Give the records again in full, exactly as they appear, but without the pictures.

RECORDS TO PROCESS Block Start

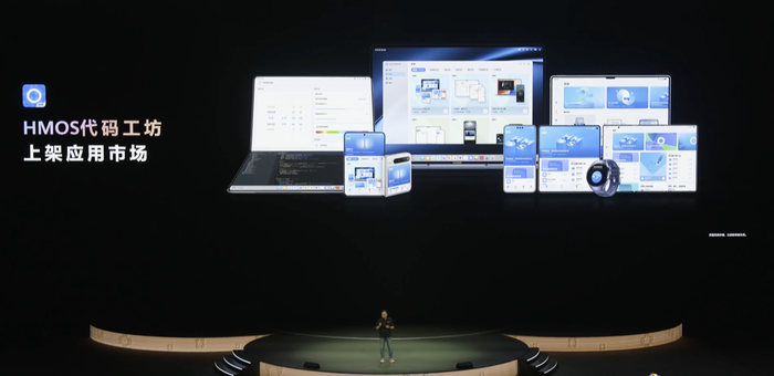 (图源:发布会现场)华为考虑到了开发者加入鸿蒙大家庭的困难,通过一次开发多端部署的特性,以及提供的DevEco CodeGenie、开发者文档、HMOS代码工坊,帮助开发者缩短应用开发周期和降低开发成本,并便于向其他平台适配移植,实现了开发成本1+1+1<2的效果。
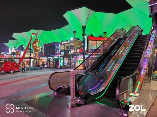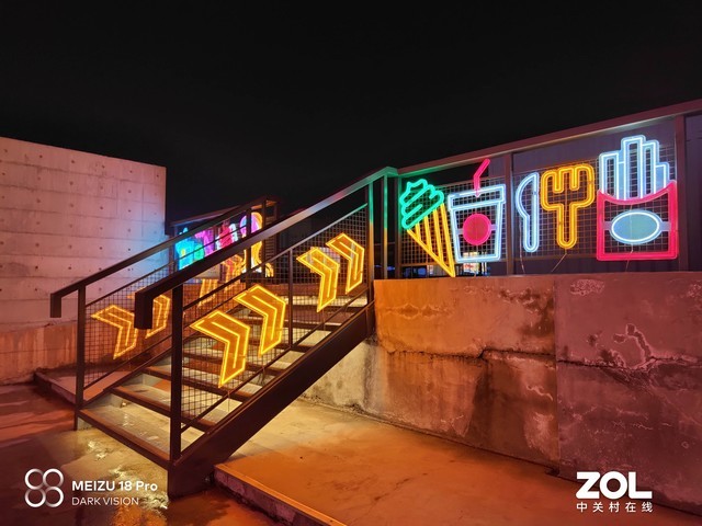 夜景/暗光拍摄方面,得益于弱光下自动开启的DarkVision夜景算法以及魅族 18 Pro拥有的1/1.3英寸大底主摄及三星GN1所支持的Tectracell像素合成技术,其在夜景拍摄条件下样张细节丰富且拥有较大的动态范围,做到“亮处不过曝,暗处细节足”,对曝光及噪点的控制能力较强,即使在亮度提升的条件下色彩呈现依旧准确。
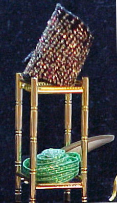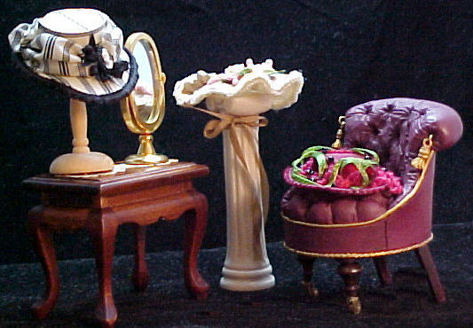 My plan was to use the bottom floor as the work area, and each of the other floors would have a chair, table and mirror so that the buyer could try on hats in comfort. This provided another opportunity to display more of the Reine Take-A-Seat chairs that I have collected.
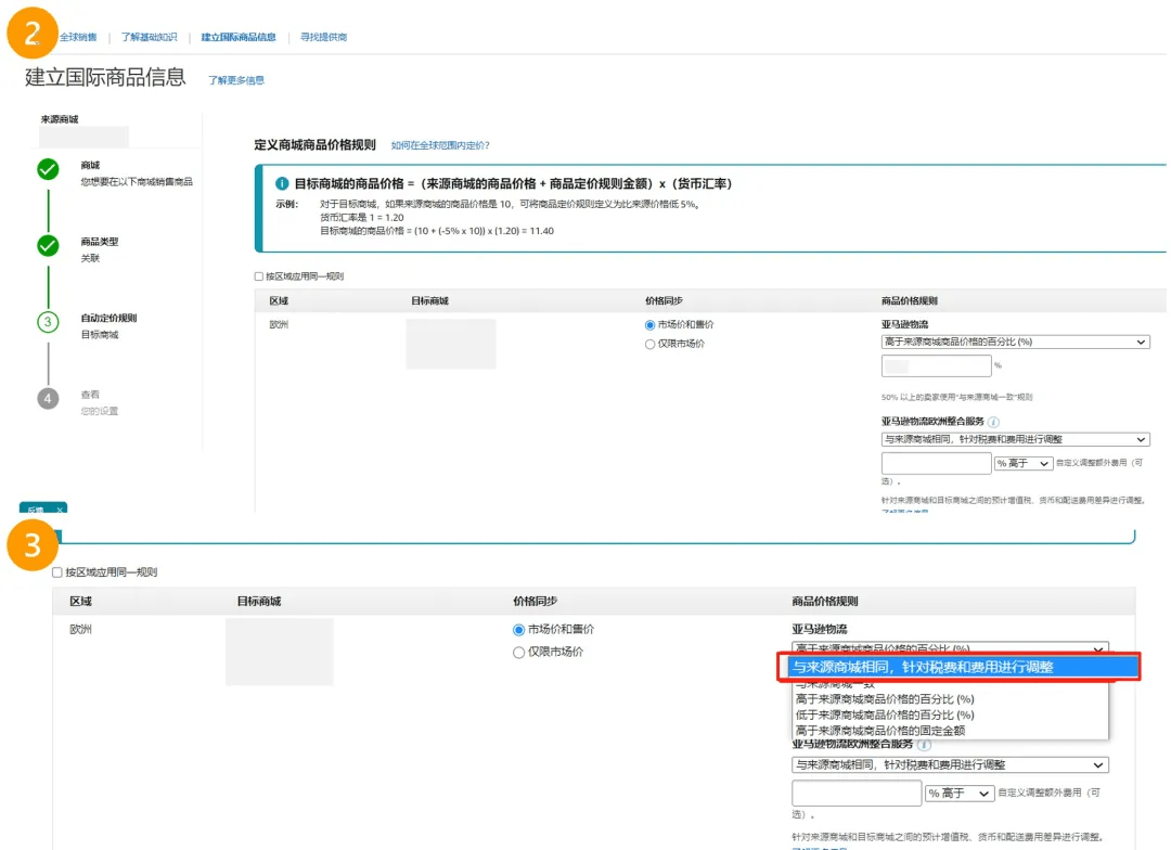 ▲使用“建立国际商品信息”工具(BIL),并采用“与来源站点相同,根据税费和费用进行调整”的特殊自动定价规则。此规则会将来源店铺的价格与目标店铺的价格同步,以体现配送费用、税率和汇率,以及您对来源店铺价格所做的任何更改。
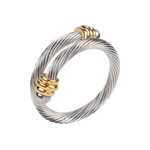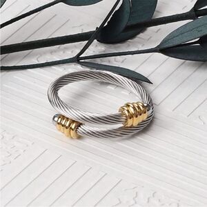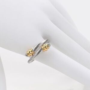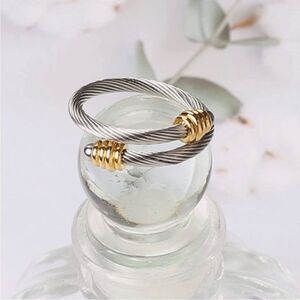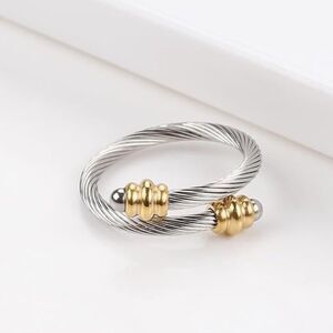 The dainty ring is two tone, silver twisted cable wire chain and plated gold in two ends. There is a stainless steel ball in each end. The twisted cable wire ring is made of stainless steel nickel free.
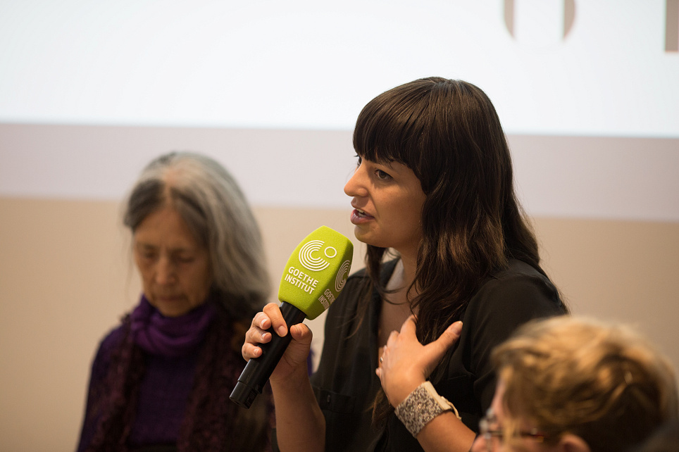 Candice Hopkins and Cecilia Vicuña (background) at the symposium bauhaus imaginista: Learning From at the Goethe-Institut New York, June 2018, photo: Daniel Albanese.
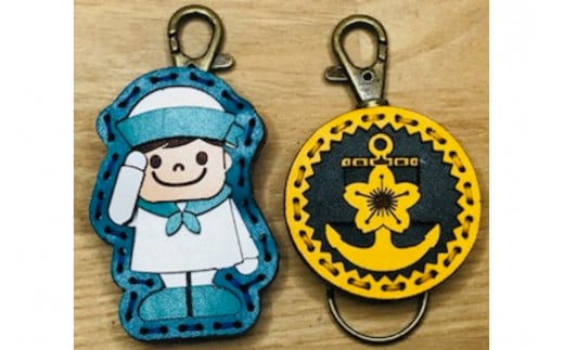 - 水兵さん&海自ロゴ レザーキーホルダーセット(青色)手作り 一点もの 革製品 レザー キーリング レディース メンズ 鍵 バッグチャーム ストラップ 革小物 水兵 海上自衛隊 ロゴマーク ギフト プレゼント 送料無料 広島県 呉市

RECORDS TO PROCESS Block End

● RESULT OF THIS TASK:
 (图源:发布会现场)华为考虑到了开发者加入鸿蒙大家庭的困难,通过一次开发多端部署的特性,以及提供的DevEco CodeGenie、开发者文档、HMOS代码工坊,帮助开发者缩短应用开发周期和降低开发成本,并便于向其他平台适配移植,实现了开发成本1+1+1<2的效果。
 夜景/暗光拍摄方面,得益于弱光下自动开启的DarkVision夜景算法以及魅族 18 Pro拥有的1/1.3英寸大底主摄及三星GN1所支持的Tectracell像素合成技术,其在夜景拍摄条件下样张细节丰富且拥有较大的动态范围,做到“亮处不过曝,暗处细节足”,对曝光及噪点的控制能力较强,即使在亮度提升的条件下色彩呈现依旧准确。
 My plan was to use the bottom floor as the work area, and each of the other floors would have a chair, table and mirror so that the buyer could try on hats in comfort. This provided another opportunity to display more of the Reine Take-A-Seat chairs that I have collected.
 ▲使用“建立国际商品信息”工具(BIL),并采用“与来源站点相同,根据税费和费用进行调整”的特殊自动定价规则。此规则会将来源店铺的价格与目标店铺的价格同步,以体现配送费用、税率和汇率,以及您对来源店铺价格所做的任何更改。
 The dainty ring is two tone, silver twisted cable wire chain and plated gold in two ends. There is a stainless steel ball in each end. The twisted cable wire ring is made of stainless steel nickel free.
 Candice Hopkins and Cecilia Vicuña (background) at the symposium bauhaus imaginista: Learning From at the Goethe-Institut New York, June 2018, photo: Daniel Albanese.
 - 水兵さん&海自ロゴ レザーキーホルダーセット(青色)手作り 一点もの 革製品 レザー キーリング レディース メンズ 鍵 バッグチャーム ストラップ 革小物 水兵 海上自衛隊 ロゴマーク ギフト プレゼント 送料無料 広島県 呉市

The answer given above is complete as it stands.